Sony V600 Review
Thresh's comments in BLACK
Kenn's comments in BLUE
If there's something everyone has around the house, it's a pair of earphones. From the ratty tin-cup-on-a-string Radio Shack variety to the new pimpin' digital remotes that come with portable CD players, you've got a pair somewhere. I'm also willing to bet that at one point or another, everyone's hooked up their earphones to their PC to listen to music or play games with. There are numerous reasons why you might prefer headphones to speakers: Privacy (if you're watching to dirty .avis and don't want your mom to hear strange grunting noises coming from your room) , stereo separation, space considerations, and so forth. Depending on the quality of your equipment, you either loved it or hated it. Considering I used the cheap-ass headphones that came free with my now-antiquated Walkman, I definitely fell into the latter group. When I won a pair of quality Roland speakers in a Doom 2 tournament back in '95, I thought they were the only way to go, and kept that belief for quite a while. Then one day, after having accidentally dropped and destroyed my speakers coming home late one night from a LAN party, I started shopping around for a good pair of headphones. I wanted a pair to use for Quake, MP3s, and CD Audio that could conceivably replace the standard computer speakers. It was at this time that I happened across the Sony Studio Monitor MDR-V600's.

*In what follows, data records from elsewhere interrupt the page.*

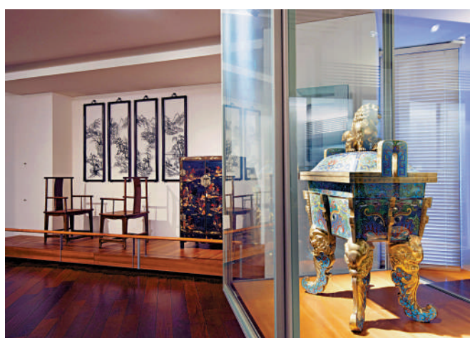
▲中國瓷器傢具裝飾藝術展廳。

在吉美博物館工作，她介紹自己主要負責吉美博物館的宣傳部工作，「這包括與中國各類媒體的合作，在微博和小紅書等社交媒體上的運營推廣，以及與攜程等企業的合作。我的工作旨在提高吉美博物館在中國觀眾中的知名度，並拓展博物館的潛在觀眾群體。」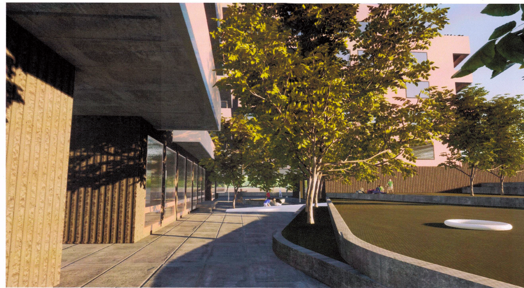
Þrívíddarmynd undir svölum horft inn í garð, horft í austur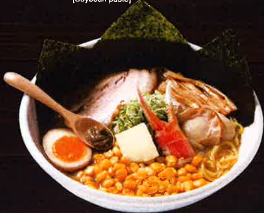
北海道贅沢グルメらーめん Hokkaido Epicurean Ramen ¥1,400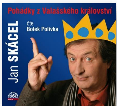
Jan Skácel: Pohádky z Valašského království (Supraphon) čte Bolek Polívka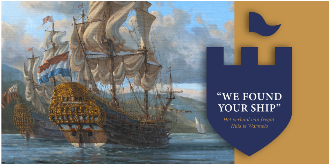
Campagnebeeld “We found your ship”

‘Duik mee naar een diepte van 60 meter, waar het wrak van een Medemblicker fregat op de zeebodem rust. Zeeslagen, verloren levens, families die achterbleven, een vasthoudende historicus en geheimzinnige vondsten vertellen hier samen het verhaal van Huis te Warmelo.’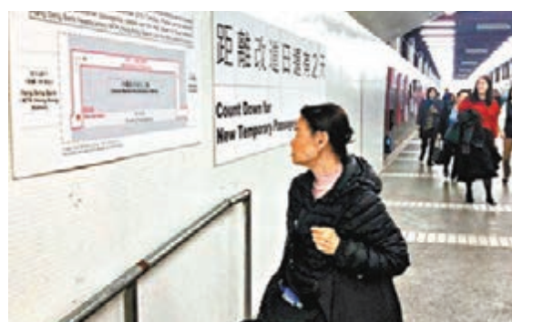
目前通道出入口已張貼告示和路線圖,方便市民了解改道詳情。網誌圖片

他又指,今次會藉著全面翻新街市大樓的契機,革新大樓內為市民提供的各項設施,例如翻新後的行人通道會增設公眾洗手間,日後與新通道同

I've been to a number of LAN parties, tournaments, and other such events in which speakers were too loud, not loud enough, or simply impractical, so I've come to realize just how important a decent pair of headphones are to gaming. I've grown so used to them nowadays that I actually find playing with a speaker setup is much harder, even compared to the impressive-sounding Cambridge MicroWorks system I have setup in my office. Without headphones, I've found it's a lot harder to make out soft sounds or place the position of specifics shots. What I want from a pair of headphones is one that conveys sounds accurately, are comfortable for extended use, muffles external noise (closed-ear design), and can be packed away and carried around fairly easily, and the Sony MDR-V600s seem to be jazzed up to do the job.